I don’t think that it’s a requirement to be a good Christian to be a vegetarian; I also recognize that I’m still imperfect and that I am hypocritical in a hundred other ways.  This is just one of the ways that I’ve found that I can be a light, that I can seek to be consistent in my faith as I continue to try to strive to be more like Christ.

I am also not a vegan.  I do not believe that bees would begrudge us honey or cows would begrudge us milk or chickens, eggs…although I do believe that locking them in cages so that they can’t move to exhaust their physical capabilities until they are useless and then slaughtered is completely and totally wrong.  My decision is partly about animal rights, yes, but in the way in which they relate to God’s will for our lives and how precious they are to God, just as we are.

I’ve been outright laughed at by people at church.  I’ve had the people who make fun of what I cook and tell me to “slap a steak on top of it” for it to be good.  I’ve been called a tree-hugger and a hippie.  I’ve dealt with the eye-roll.  It’s funny to me, because I’ve never been preachy, and I’ve never made anyone feel like I’m better than them because of my decision.  I’ve had people tell me that “God put them here for us to eat.”  No, He didn’t, and I’m firmly grounded in Scripture there.  He allowed us to eat them after we screwed everything up.

Likewise, though, I’ve gotten support, from my parents, from Joey’s parents, from some coworkers.  It’s actually been an amazing witnessing tool, and it’s really allowed me to live more freely in Christ.

On a hands-to-the-plough level, I’ve cooked more, tried foods I would never have tried before, and I’ve learned how wonderfully other foods were designed to meet our nutritional needs.  Tempeh?  Seitan?  Falafel?
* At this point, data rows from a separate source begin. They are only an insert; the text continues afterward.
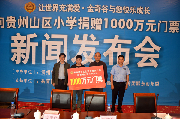 【香港商報網訊】記者 黃慶松 報道:4月28日,貴州鎮遠縣舉行“讓世界充滿愛·金奇穀與您快樂成長”新聞發布會,貴州績曲文化旅遊有限公司向貴州山區學生捐贈了1000萬元門票,68200餘名學生和9750名老師將免費到鎮遠縣青溪金奇穀酒文化親子遊樂觀光體驗園進行體驗觀光。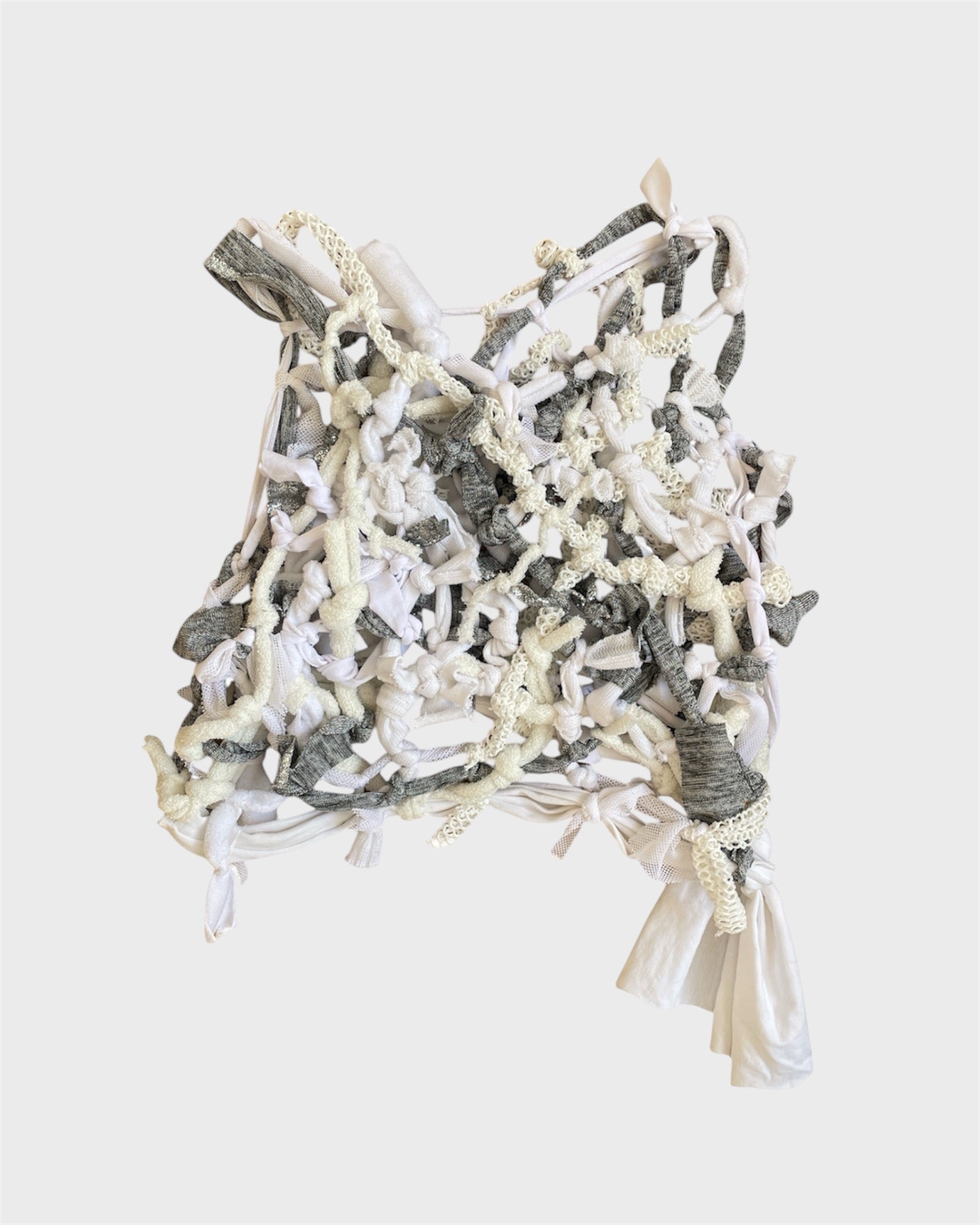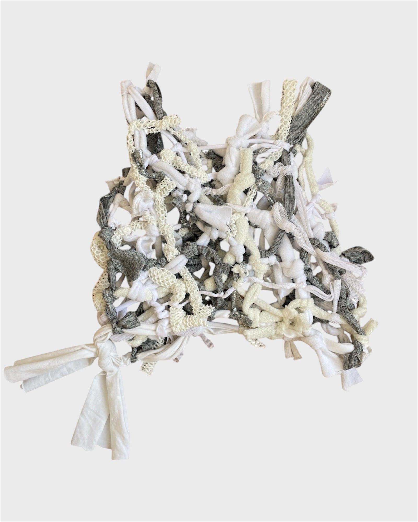 - The top is completely made from leftovers. Scratches from former projects have been kept, cut in stripes and knotted together into this beautiful one-of-a-kind piece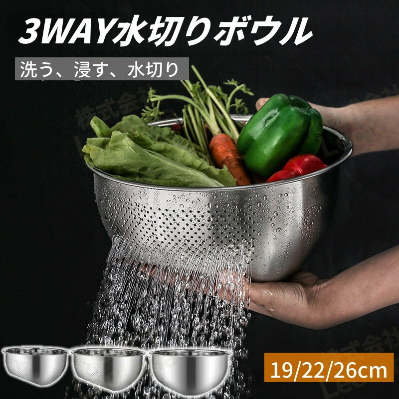 「★レビュー特典」水切りボウル ステンレス ザルボウル 水切りボウル 3way 穴あきボウル パンチングボウル ステンレス 3Way ざる ステンレスボウル 野菜水切り 米とぎ ボウル 果物洗い 排水ボウル 多機能ボウル ステンレスざる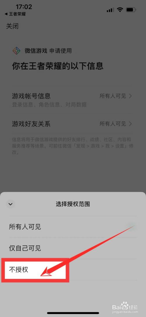 在弹出的选项中点击【不授权】,这样微信好友就看不见自己的游戏信息了。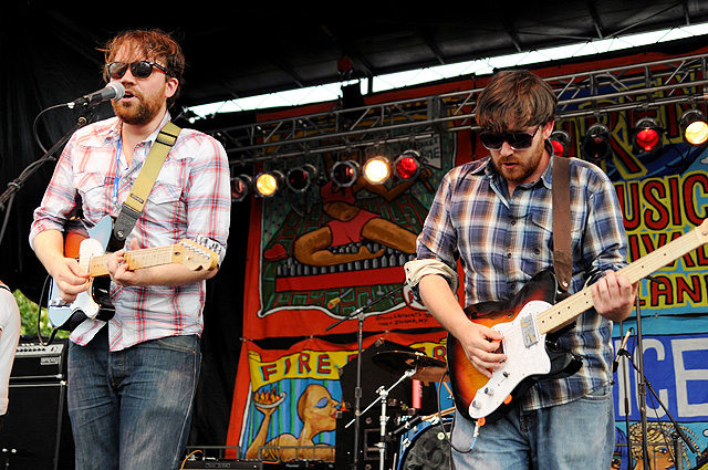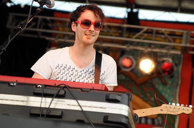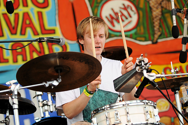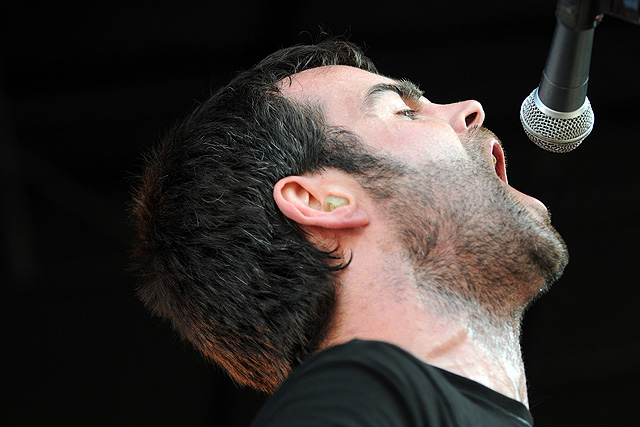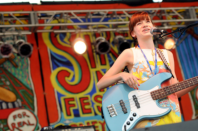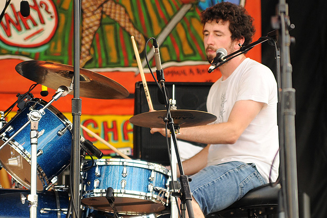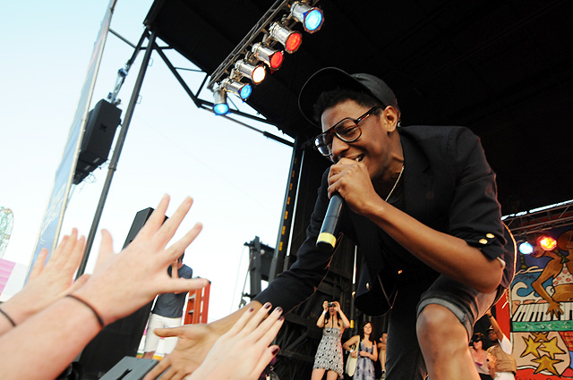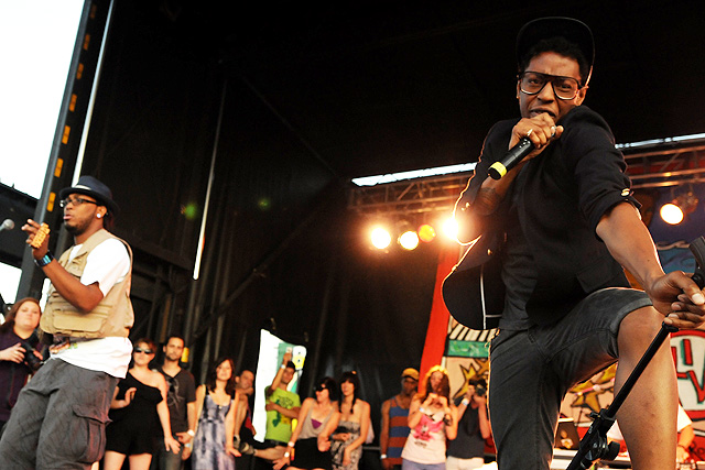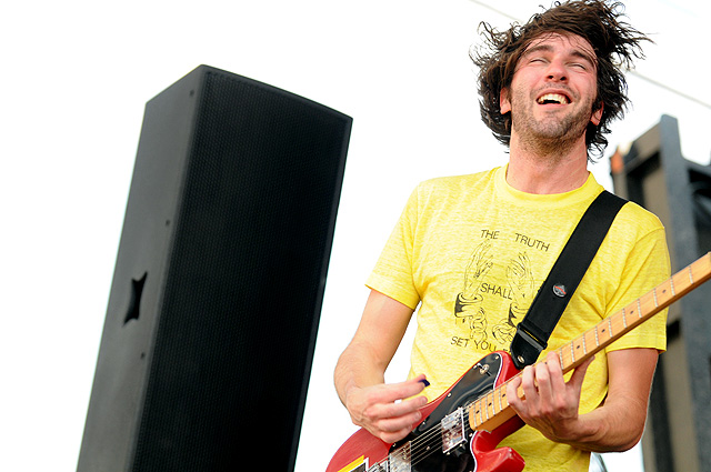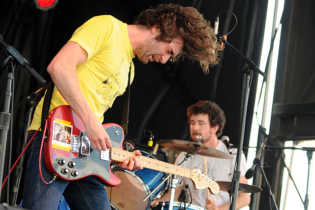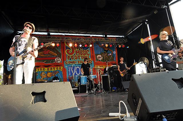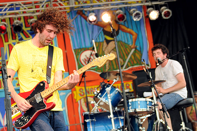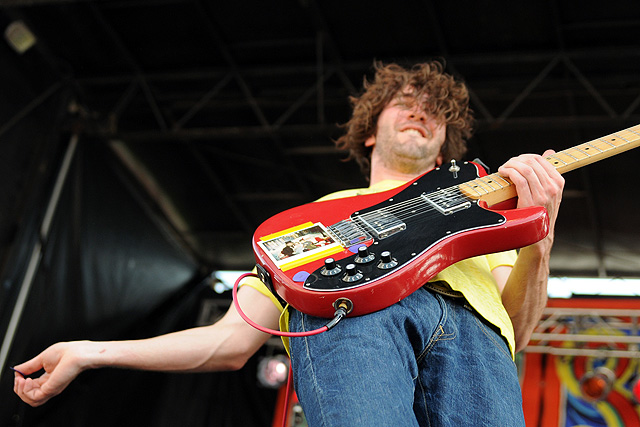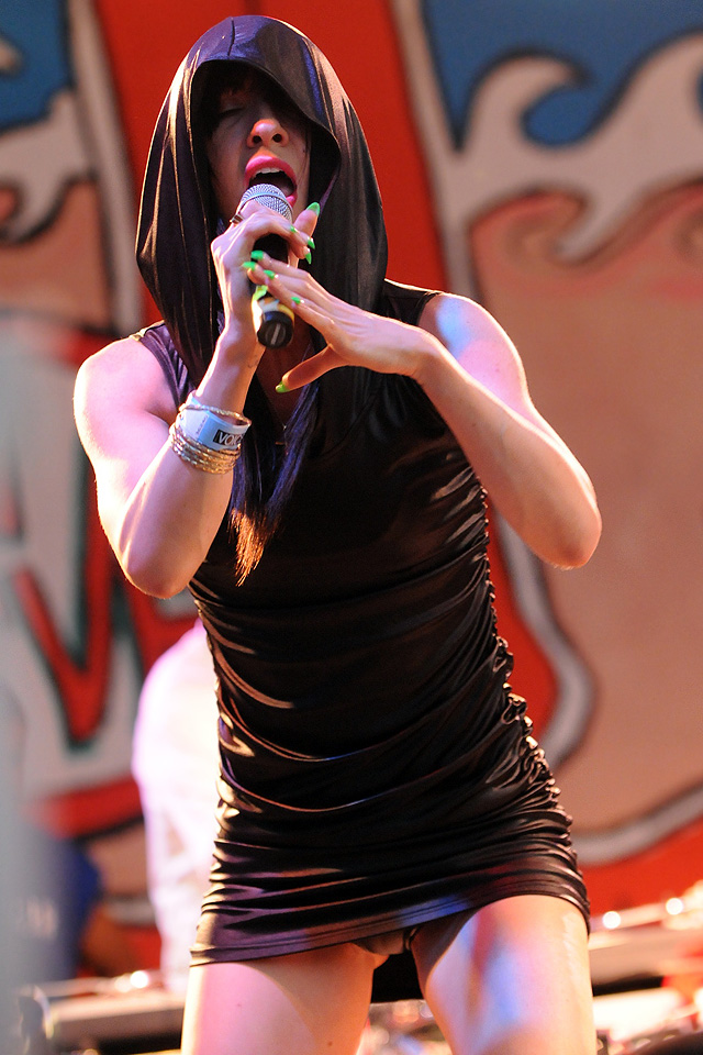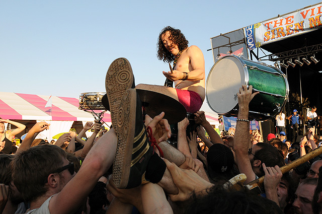 The Voice's annual indie rock fest gave audiophiles the second good reason to visit Coney Island last week, bringing out everyone from Spank Rock to Future Of The Left to Built To Spill on a sunny Saturday afternoon. We sent Natasha Ryan to eat all the hot dogs and take all the pictures, sadly missing the only NYC appearances from Japandroids and Micachu & The Shapes for at least a few months. Monotonix delivered a typically hairy and photogenic set, and Spank Rock delivered a (these days) typically brief one, reportedly doing like three songs before crashing over the stage barrier and laying still for 20 minutes as Ninjasonik and Amanda Blank picked up the slack. I wasn't there, but I did start reading tweets about a supposed guerrilla Spank Rock show at 12AM on the Williamsburg Bridge. So I walked there, and sure enough Naeem was hanging from metal rapping into megaphones and boomboxes while about 200 people drank, smoked, and danced in highly illegal fashion. Spank did four songs, I guess equaling his Siren output, before the thing just became a DJ party. No arrests (by the time I left at 1:30AM, at least). Some terribly shady pics of that madness here, here, and here, and some much better photos of the day at Siren in this photo gallery.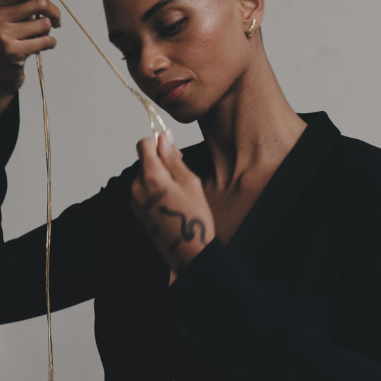 Lange halsketting met een op stropdas geïnspireerd ontwerp, vervaardigd uit verguld sterling zilver.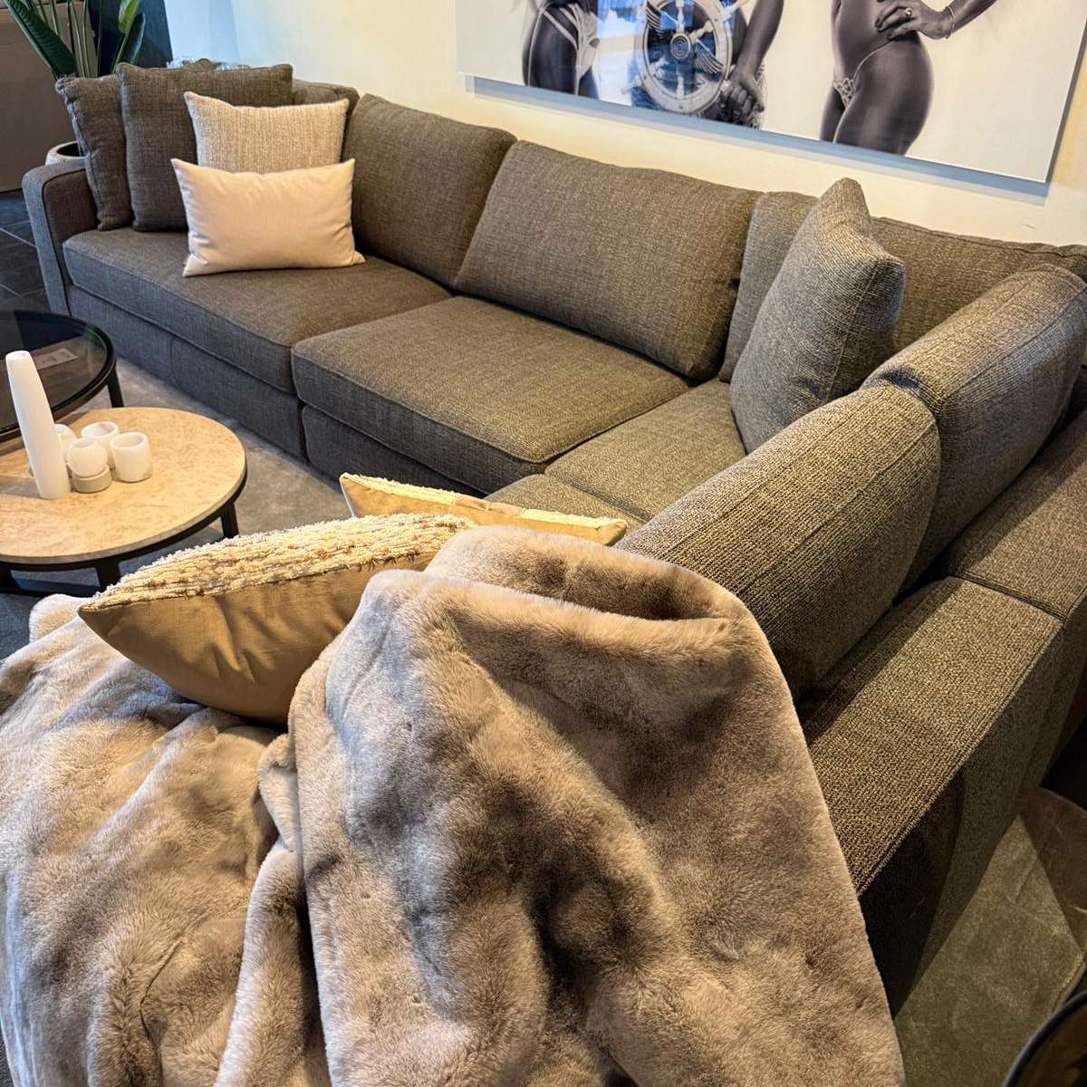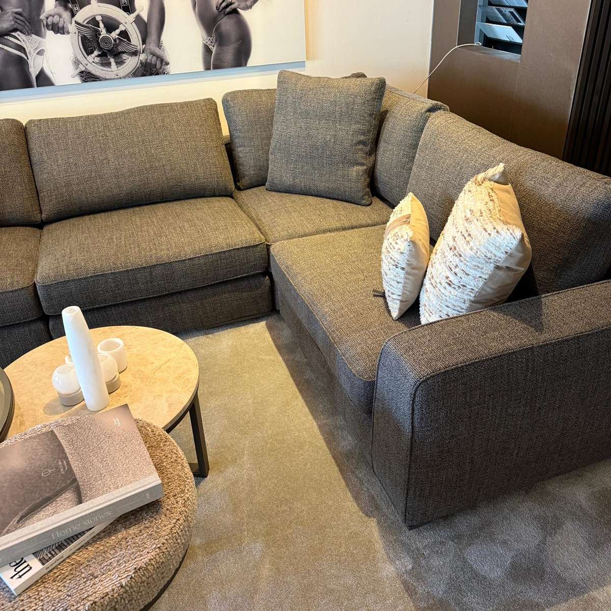 Nieuw uit de doos gehaald wegens een klant faillisement. Bankstel Loman van Ditre Italia uitgevoerd in een hoekopstelling. Stof: Pablo 168.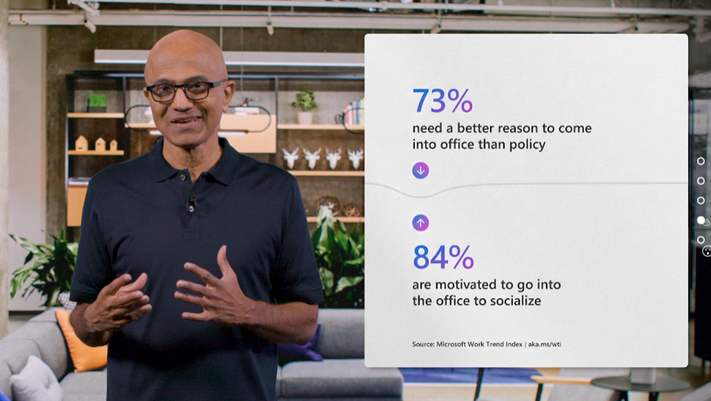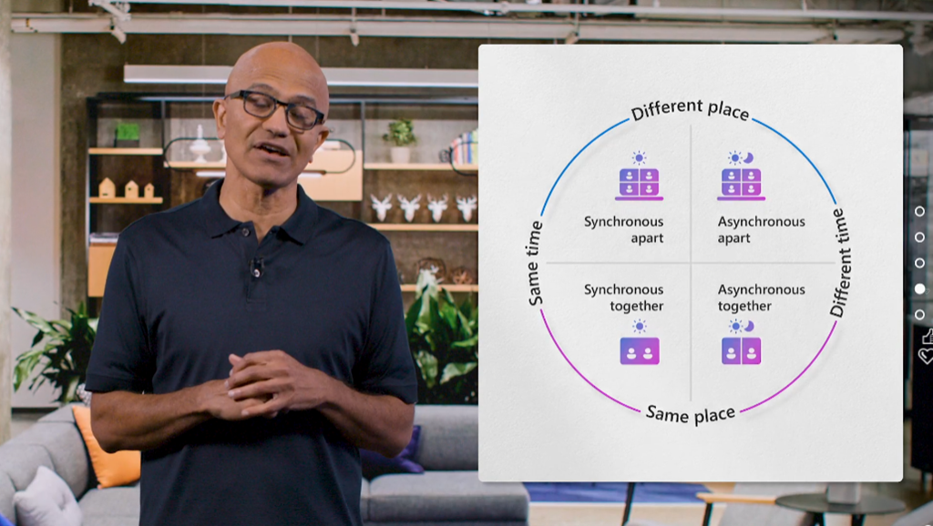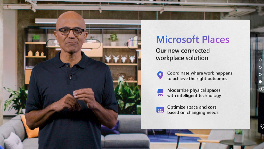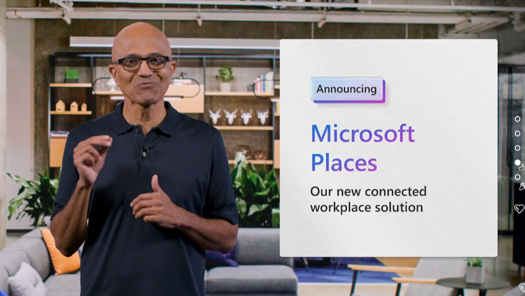 それから場所が大事ということでMicrosoft Placesがでました。物理的な場所と電子的な場所で共同作業するための場所や支援をするサービスという感じですかね。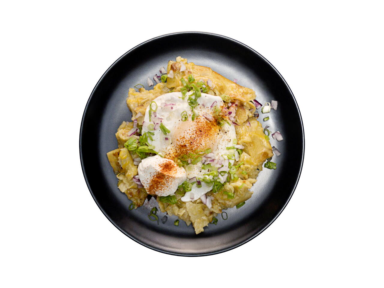 This dish can vary wildly depending on who you talk to. The basic premise here is to fry up some old tortillas with eggs and a spicy sauce.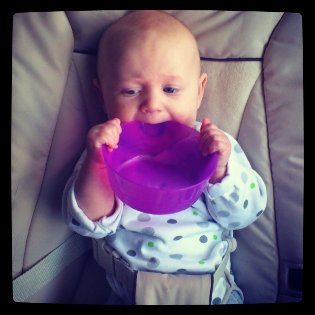 Всвязи с подготовкой к прикорму это очень актуально. Малыш знакомится с новыми для него предметами,ну и постучать чашкой классно.

Hummus?  All incredible foods that I hadn’t bothered with much before my change to a vegetarian lifestyle.

Sorry, I intended a light-hearted “list” post about this, but I felt pretty overwhelmed to give my reasons for doing it and my experiences in the last year.  Thanks for listening.

Merry (Rainy and Blustery) Christmas

I joked all week at the weather report that God must be really pissed about Christmas this year….they called for a NASTYNASTY rainy and blustery day on Christmas day, bookended by beautiful days.  So weird.  But, looking out the window right now, they were totally right…it’s pouring and windy and gross and it sounds very tornadic.  They are even calling for thunderstorms this afternoon.  So, maybe God’s finally had enough of our consumerism and desire for huge, showy productions and displays that we seem to think will absolve us of the fact that we spend the rest of the year pretending like He doesn’t exist.  I know, that’s a downer, but I got to thinking…every time I hear someone say “remember the reason for the season” I get a little irritated.  If “He” was the real reason for the season, there wouldn’t be all of this crap.  There would be contemplation, reflection, prayer, thanksgiving, and outreach…not crowded stores full of people muscling each other out of the way to get the last “Zhu Zhu” Hamster thing or whatever the hell it’s called.  There wouldn’t be having to make sure that the Christmas cards are better than everyone else’s were last year.  There wouldn’t be the five million commitments and the “you have to bring a fifteen dollar gift to the party…and it better be something that people will actually want.” 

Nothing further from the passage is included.